Local women love the physicality, team aspect of roller derby

Photo courtesy of Mark McClary.Local roller derby players, left to right, are Jena McClary of Derry, Shelby Walker of North Andover and Heather Iram Faretra of Methuen.

This is not exactly breaking news, and not a lot of people would know it, but the Roller Derby season is rapidly approaching.

It begins in April and runs well into the fall, with the nearest league holding competitions in Manchester, N.H., at the JFK Coliseum.

Who knew? Well, there are a number of local women who are well aware and they’re anxious for the season to begin. Their names are Jenna McClary of Derry, Heather Iram Faretra of Methuen and Shelby Walker of North Andover.

For these women, all of whom are in their mid-40s, there is nothing comparable to roller derby and the season can’t come fast enough.

“It’s taxing but it’s a lot of fun and I love to challenge myself,” said the 45-year-old Walker, who is an attorney who works in Cambridge. “I think it’s really empowering.”

Agrees 44-year-old Faretra: “It’s hard work, one of the hardest things I’ve ever done, but it’s fun and I love that it’s an accepting community. I look forward to playing with my teammates.”

Faretra, a special ed teacher in Methuen who goes by the name “Stormy Heather” (all players have a catchy nickname), has been playing in the New Hampshire Roller Derby League for only three years as a member of the New Hampshire Roller Derby All-Stars team while Walker, or “Shel B Trouble” has been involved for six years. 

Of the three, the 43-year-old McClary, or “Pixie Bruiser,” is a grizzled veteran, having played off and mostly on for 11 years, pretty much since the league started in 2007.

“I like the exercise the most,” said McClary. “I never get to the gym and I like the roller skating plus I like the contact. I don’t get tired of it.”

McClary, Faretra and Walker are all “blockers” for the All-Stars and they get plenty of contact in what is clearly a physical sport. That, and the teamwork involved, is one of the main things that drew them to the sport.

“I was attracted to it because it was a contact female sport and it was something I could do that was different,” said Walker, who played field hockey, soccer, basketball and softball growing up in Ipswich. “There aren’t a lot of team sports available to older women and really no contact sports.

“I think it’s empowering. You get to skate and you get to hit.”

Faretra, who grew up in Newburyport, played some rugby while a student at Oberlin College and became a fan of contact sports, making roller derby a natural for her.

“It (roller derby) is very physical,” said Faretra. “It’s like a hockey level of checking and you get your share of bumps and bruises.”

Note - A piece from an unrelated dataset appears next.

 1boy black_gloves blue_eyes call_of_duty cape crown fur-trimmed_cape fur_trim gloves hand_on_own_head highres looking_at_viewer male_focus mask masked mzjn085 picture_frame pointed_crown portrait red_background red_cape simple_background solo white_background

The physical nature of roller derby has remained constant over the years, even though from its early days in the 1970s and 1980s there has been a steady flow of rules implemented to ensure safety. While hitting, for example, players can’t use their head, elbows, knees or feet.

Partly because of the surge of new rules, the game has changed a bit in the last decade according to McClary.

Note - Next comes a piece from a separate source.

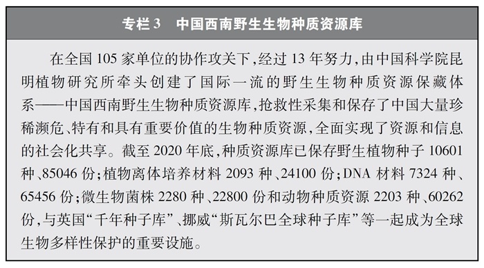 加快重要生物遺傳資源收集保存和利用。中國高度重視生物資源保護,近年來在生物資源調(diào)查、收集、保存等方面取得較大進展。實施戰(zhàn)略生物資源計劃專項,完善生物資源收集收藏平臺,建立種質(zhì)資源創(chuàng)新平臺、遺傳資源衍生庫和天然化合物轉(zhuǎn)化平臺,持續(xù)加強野生生物資源保護和利用。實施一批種質(zhì)資源保護和育種創(chuàng)新項目,截至2020年底,形成了以國家作物種質(zhì)長期庫及其復(fù)份庫為核心、10座中期庫與43個種質(zhì)圃為支撐的國家作物種質(zhì)資源保護體系,建立了199個國家級畜禽遺傳資源保種場(區(qū)、庫),為90%以上的國家級畜禽遺傳資源保護名錄品種建立了國家級保種單位,長期保存作物種質(zhì)資源52萬余份、畜禽遺傳資源96萬份。建設(shè)99個國家級林木種質(zhì)資源保存庫,以及新疆、山東2個國家級林草種質(zhì)資源設(shè)施保存庫國家分庫,保存林木種質(zhì)資源4.7萬份。建設(shè)31個藥用植物種質(zhì)資源保存圃和2個種質(zhì)資源庫,保存種子種苗1.2萬多份。

“There is still plenty of contact — there are a lot of penalties — but the game is more refined now and it’s gotten more competitive,” said McClary, who previously lived in Haverhill and is a graphic designer working in Groveland. “There’s more strategy and you have to be thinking ahead all the time.”

Perhaps because she is an attorney, Walker appreciates the mental aspect of the sport.

“It’s not a tame sport and it’s still fast-paced but it’s evolved into a more strategic game,” said Walker. “You really need to plan ahead and work as a unit.”

The combination of terrific exercise with its physical nature, plus that the reality that it’s also a good (and one of the only for older women) team sport that requires mental adjustments all make the players envision playing for years to come.

“I plan on playing until my body says I can’t do it anymore,” says Faretra. “I hope to play for quite awhile.”

Sounding a little bit like Tom Brady, Walker has a similar vision. “Assuming I’m injury free, I’d like to play until I’m 50,” she said. “It’s fun and I want  to keep challenging myself.”